Characteristics and Impact of Covid-19 Pandemic: A Word of Caution for Dental Practices
EDITORIAL

Characteristics and Impact of Covid-19 Pandemic: A Word of Caution for Dental Practices

The Open Dentistry Journal 13 May 2020 EDITORIAL DOI: 10.2174/1874210602014010194

The pandemic of COVID-19 continues to spread around the world. As of April 7th, 2020, there were more than 1,279,000 cases of the disease confirmed in 209 countries, territories or areas, and a global death toll close to 73,000 [1].

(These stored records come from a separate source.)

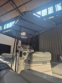 Pannello comandi servizi, prolunga prendisole di poppa con relativa tavola, presa accendisigari e presa usb ,Pompa di sentina automatica, t top in accaio inox verniciato a polvere nuovo con telo ombreggiante, Luci di navigazione, tromba, strumento GPS nuovo, scaletta di risalita 4 gradini.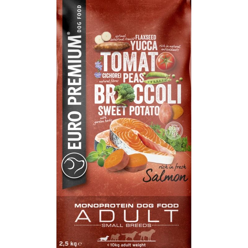 Un produit entièrement sur mesure pour votre chien. Un produit alimentaire équilibré, riche en poisson frais, agrémenté d’une multitude de légumes, d’herbes et sans céréales. Cet aliment se compose d’ingrédients bien dégistibles triés sur le volet et de saumon pour une source unique de protéines animales. La chicorée séchée apporte de l’inuline pour stimuler la fonction intestinale. Le yucca est ajouté pour atténuer l’odeur des selles. Euro-Premium Small Adult Salmon est enrichi d’une combinaison d’huile de saumon et d’huile de tournesol pour un ratio idéal d’oméga-3 en d’oméga-6.
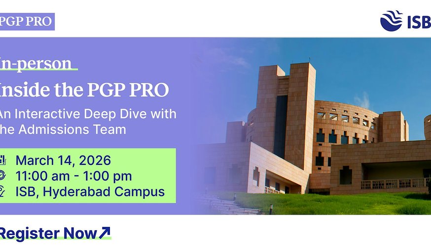Join us in person for an in-depth look at ISB’s PGP PRO - our executive management programme designed for working professionals with 5+ years of experience.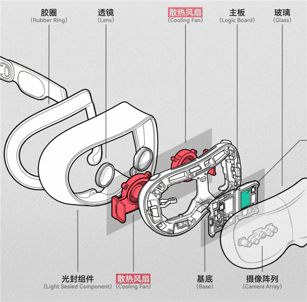 外侧有摄像头拍摄现实,里边是单目 2K 分辨率的全彩 MicroOLED 显示屏,通过算法实现虚实融合—— 这就跟苹果 Vision Pro 的逻辑一模一样。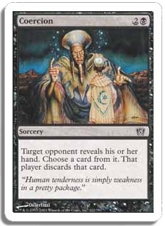 Target opponent reveals his or her hand. Choose a card from it. That player discards that card.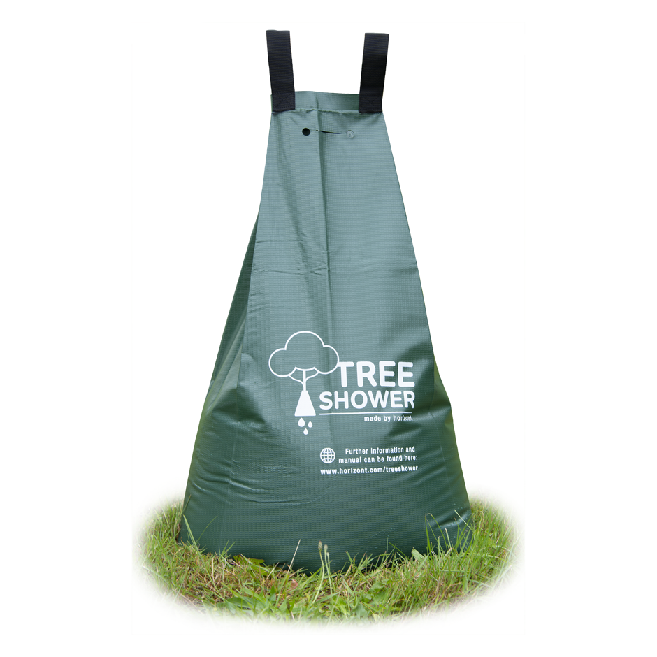 Gerade frisch gepflanzte Bäume und Gehölze benötigen eine ausreichende Wasserzufuhr. Um die Bewässerung möglichst effizient zu gestalten, bietet horizont eine kluge Lösung: den TreeShower-Bewässerungssack. Langsam und kontinuierlich gibt das durchdachte System seine Füllmenge von 75 Litern Wasser tröpfchenweise in den Boden ab, sodass beim Bewässern nichts durch oberflächliches Ablaufen verloren geht.
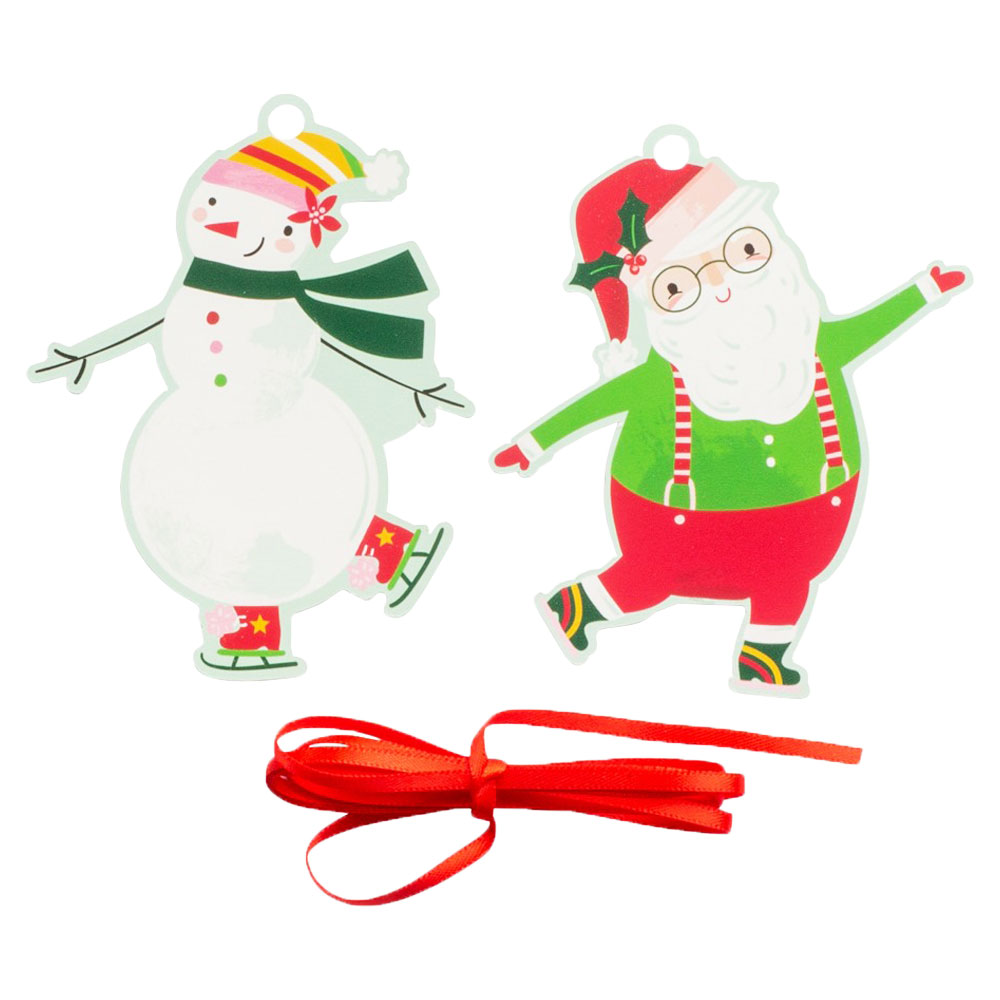 Juletiketter med Snöre Tomtar & Snögubbar omfattar 6 stycken juletiketter i papp med tillhörande rött sidenliknande band. Etiketterna föreställer skridskoåkande snögubbar och och färgglada tomtar, du får tre stycken etiketter av varje motiv. Etiketterna är ca 8,5 cm långa och 6,5 cm breda.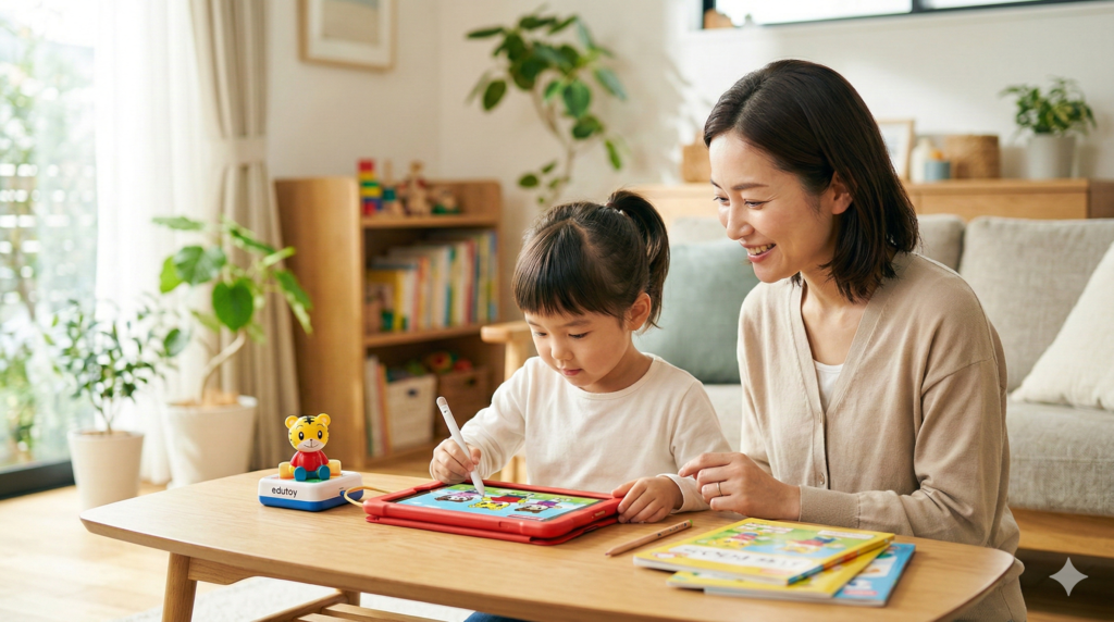 こどもちゃれんじの学習カリキュラムは、タブレットが導入された現在においても、デジタル機器だけで完結するようには作られていません。株式会社ベネッセコーポレーションの長年の幼児教育研究に基づくノウハウの結晶とも言えるのが、「デジタル(タブレット)とアナログ(紙・玩具)の融合」です。タブレット無料キャンペーンを利用して受講を開始した場合でも、専用タブレットの中に毎月配信されるデジタルコンテンツに加えて、年に数回、実際の紙のワークブックや、指先を使って組み立てるエデュトイ(知育玩具)が自宅に郵送されてきます。これは、幼児の脳の発達において、画面上の二次元的な視覚・聴覚情報だけでなく、実際に物理的な物体を触り、動かし、匂いや質感を感じるといった「実体験(五感を通じた学び)」が不可欠であるという教育哲学に基づいています。例えば、タブレットの中で「時計の針の動きと時間の概念」をアニメーションやゲームを通じて視覚的に理解した後、実際に自宅に届いた本物の時計型のエデュトイを使って、自分の手で針を回しながら時間を確認するといった立体的な学習アプローチが取られます。また、タブレット用の専用タッチペンを使って画面上にひらがなを書く練習だけでなく、実際の紙のワークブックに鉛筆を使って書く機会も設けられており、紙特有の摩擦抵抗を感じながら筆圧をコントロールする力も同時に養うことができます。タブレット学習の強みである「理解のスピードや繰り返しの反復練習」と、アナログ学習の強みである「手指を使った巧緻性の発達や深い体験」を掛け合わせることで、互いの弱点を補完し合い、子どもの総合的な知能の発達を促進するという強力な相乗効果が生まれるのです。
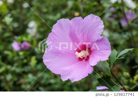 ガーデンに美しく咲くピンク色のタチアオイの花

COVID-19 is a disease caused by a novel coronavirus SARS-COV-2, a sister virus to severe acute respiratory Syndrome Coronary Virus (SARS). It was first identified in Wuhan in Hubei Province, China in late 2019 with world-wide mortality of 0.6-3.4% [2].

The source of the virus is believed to be from an animal which spreads through droplets from the mouth and nose of persons infected after coughing, sneezing or exhaling [3]. Humans are infected from aerosolized or contaminated droplets. Saliva could be a potential medium for infection [4]. The virus can survive for several hours in an aerosolized form and up to three days on plastic and steel surfaces. A viable virus could be detected in aerosols up to 3 hours post aerosolization, up to 4 hours on copper, up to 24 hours on cardboard and up to 2-3 days on plastic and stainless steel [5].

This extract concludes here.